Eemeli has studied the formation of primordial black holes from inflationary perturbations together with collaborators from the University of Helsinki.
As discussed in, for example, here, cosmic inflation is an early era during which a scalar field makes the Universe expand extremely fast. Small ripples in the field can get amplified, so that some patches of space end up with more matter than others when inflation ends. If the extra matter is compact enough, it collapses into a primordial black hole. Computing the black hole statistics from a given model of inflation is an active field of study.
Compactness of matter is measured with the compaction function \(\mathcal{C}\), the extra mass \(\Delta M\) in a given patch of space divided by the patch’s radius \(R\). To see if a black hole forms around a given point in space, we can compute the compaction function for many patches of varying radii around the point. These give the radial profile of the compaction function. The profile goes to zero for small and large radii (where \(\Delta M\) becomes small and \(R\) becomes large, respectively), but may have a high peak at intermediate scales. If the peak is high enough, it triggers black hole collapse. The radius at the peak gives the black hole’s mass.
The compaction function is tricky to compute from models of inflation; indeed, usually cosmologists like to work with another perturbation quantity, the curvature perturbation \(\zeta\). The two quantities are related but not identical: the compaction function is related to the curvature perturbation’s radial derivative. It is commonly assumed that a high curvature perturbation corresponds to a high compaction function, so that the curvature perturbation can be used to estimate the abundance of primordial black holes. In Ref. [1], together with Syksy Räsänen and Sami Raatikainen from the University of Helsinki, Eemeli has shown that this is not always the case.
In Ref. [1], the authors performed a numerical study of inflationary perturbations using the method of stochastic inflation (for more on stochastic inflation, see these posts: arXiv:2507.15522, arXiv:2504.17680, and arXiv:2501.05371. With Finnish supercomputers, they built \(10^8\) radial perturbation profiles in three typical single-field primordial black hole models. The study is the first one to construct the full radial profiles; previous studies have been limited to studying the perturbations only at fixed length scales. This was achieved through a Fourier transform of over 10 000 correlated momentum shells, revealing the full correlations between different radii. Interestingly, the compaction profiles turned out to be very spiky, with sharp dips up and down instead of wide, smooth peaks.
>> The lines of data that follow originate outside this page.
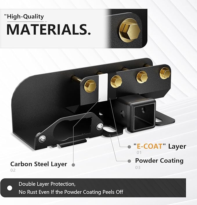 - 【Durable and Corrosion-Resistant】- To protect the hitch receiver from corrosion and damage, it undergoes a professional black coating treatment. This corrosion-resistant coating not only enhances its durability but also effectively withstands the impact of harsh weather conditions and road conditions, prolonging its lifespan.
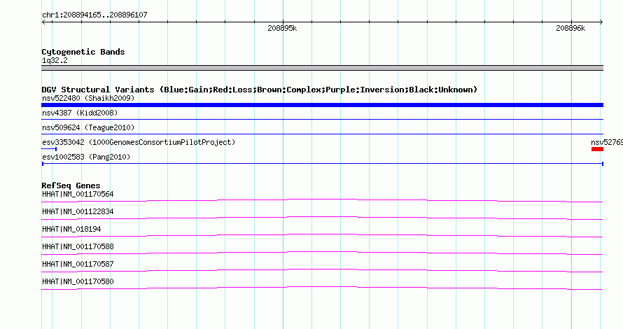| | Variant Type | CNV insertion | | Copy Number | | | Allele State | | | Allele Origin | | | Probe Count | | | Validation Flag | | | Merged Status | M | | Merged Variants | | | Supporting Variants | essv3563844 | | Samples | HuRef | | Known Genes | HHAT | | Method | Sequencing | | Analysis | | | Platform | Sanger Sequencing | | Comments | | | Reference | Pang_et_al_2010 | | Pubmed ID | 20482838 | | Accession Number(s) | esv1002583
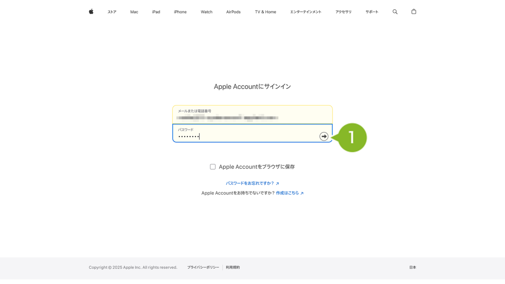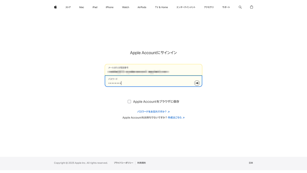 年次更新時には、初年度に初期設定をおこなった Apple Account とパスワードで年次更新をすることが必要です。
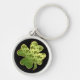 Eine elegante Schlüsselkette, die sich perfekt für die irische Klasse eignet! Es hat eine traditionelle keltische Kleeblatt-Form, die mit einem glänzenden grünen und goldenen Kleeblatt-Muster gefüllt ist und in einer dünnen goldenen Linie umrahmt ist. Das Bild wird auf einem dramatischen schwarzen Hintergrund platziert.
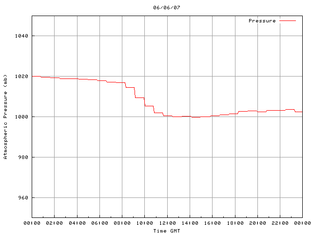 The PML meteorological station, situated on the south-west corner of the building roof, consists of a Hygroclip S3 temperature and humidity sensor housed in a radiation shield, a Mierij Meteo solid state wind sensor (MMW-005), a Chelsea instruments half-hemisphere PAR sensor, a Li-Cor pyranometer (LI-200SZ) and an Omni Instruments 6" tipping bucket raingauge (RG200). The data are logged every 5 minutes using a Pace Scientific XR5 data logger. The real-time rainfall data is likely in error - the correct values will be displayed after a time lag of approximately 24 hours. The meteorological station is sheltered from winds in the north-east and underestimates winds from this quarter. To use these data please contact Dr Tim Smyth.
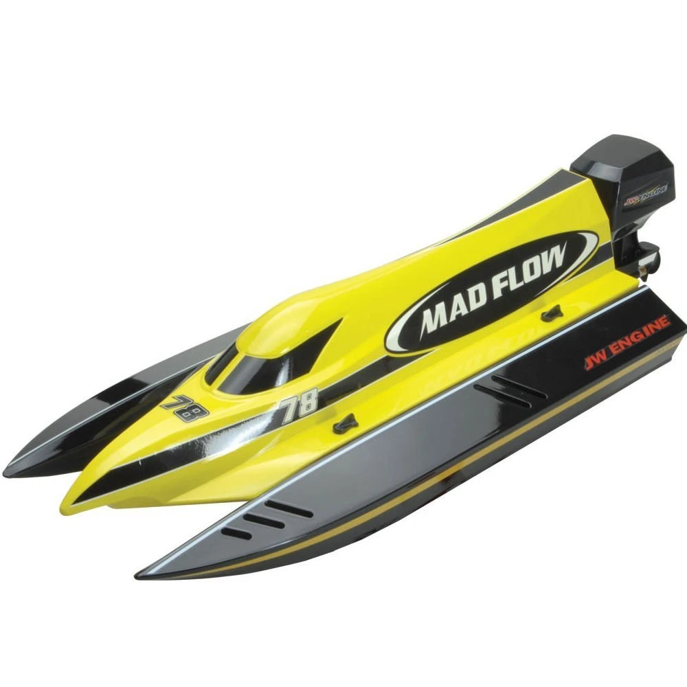 Joysway’s Mad Flow F1 Brushless ARTR Boat is faithful to the styling of the ultra competitive F1 tunnel-hulled boats, even featuring a convincing dummy outboard motor!
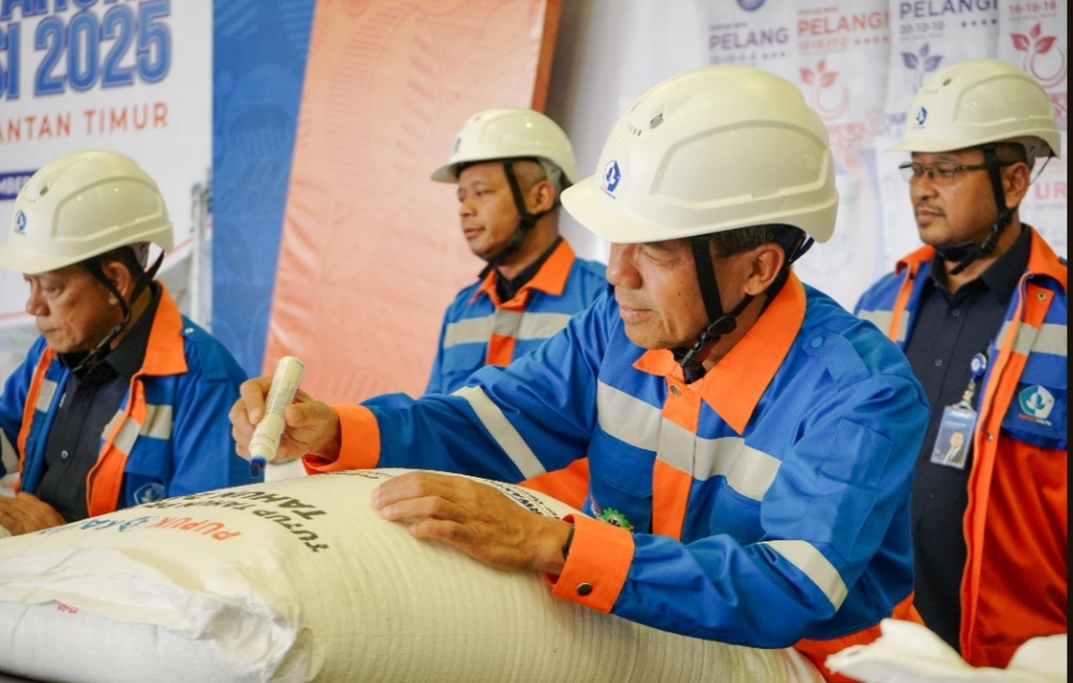 Direktur Utama Pupuk Kaltim, Gusrizal melakukan seremoni penandatanganan karung pupuk dalam acara Tutup Tahun Produksi 2025 di area gudang Pabrik 1A Pupuk Kaltim di Bontang, Kalimantan Timur.
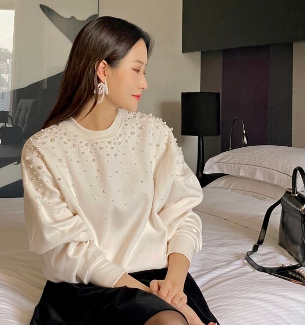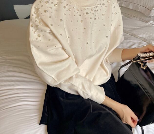 全2色 スウェット トレーナー 切り替え 体型カバー 着痩せ ビジュー付き シンプル カジュアル

The figure below shows an example case: on the left, the curvature perturbation profile, and on the right, the corresponding compaction function profile (together with various estimates; for details, see Ref. [1]).

Previous studies have mainly used the curvature perturbation amplitude as a criterion for black hole formation. The statistics of the radial profiles show, however, that the maximum amplitudes of the compaction function and the curvature perturbation are not very strongly correlated, see the figure below:

Previous work has argued that black hole abundance is enhanced by non-perturbative effects that modify the curvature perturbation distribution, giving it an exponential tail. The results of [1] indicate that the spikiness of the profiles has an even larger effect on the abundance, increasing it by many orders of magnitude compared to previous estimates. The compaction function spikes rise well over typical mean profiles deduced from the curvature perturbation amplitude, forming black holes even in cases where the curvature perturbation stays small. As a consequence, the curvature perturbation spectrum required to form abundant black holes is smaller than previously assumed, of order 0.001 by a preliminary estimate. Since the spikes can form at many different scales, the black hole mass distribution becomes wide, as shown below. Such a wide distribution may clash with observational constraints.
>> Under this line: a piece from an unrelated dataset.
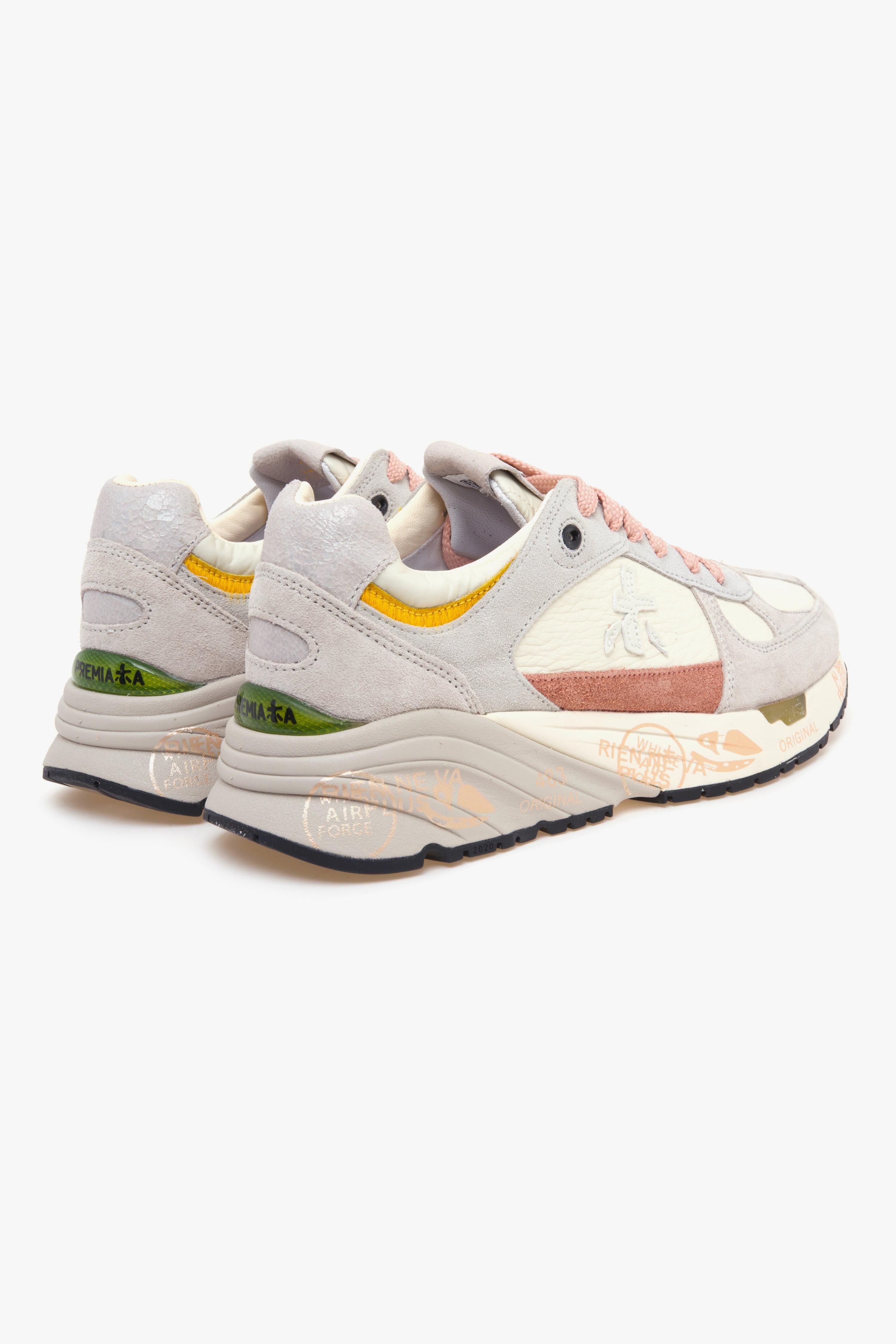 Ispirata allo stile iconico degli anni ’90, Premiata Mase rappresenta un perfetto connubio tra design vintage e materiali pregiati, lavorati artigianalmente per creare una calzatura casual-chic dal carattere unico. Realizzata interamente con materiali accuratamente selezionati in Italia, presenta una tomaia in camoscio e pelle con inserti a contrasto. Completa il look della scarpa un piccolo inserto in cavallino giallo applicato sul lato. La suola, leggera e flessibile, è in gomma soffice ed è caratterizzata dall'inconfondibile livrea brevettata, simbolo distintivo di tutti i modelli Premiata. Ideali per l’uso quotidiano, si abbinano con facilità a qualsiasi outfit, aggiungendo un tocco di stile senza rinunciare al comfort. # Tomaia in camoscio e tessuto. # Fodera in pelle. # Sottopiede estraibile in pelle. # Suola in gomma.

The results of [1] come with caveats. The collapse threshold used in this work is based on earlier numerical relativity simulations, which consider gravitational collapse starting from smooth profiles. The narrow and spiky compaction function peaks found here are quite different, and new collapse simulations are needed to see how this affects the collapse threshold. The wide mass distributions also suffer from convergence issues, and it is possible that the large-scale peaks get wiped out by cosmological evolution before they have time to collapse into black holes. More work is needed extract all information from the spiky perturbation profiles.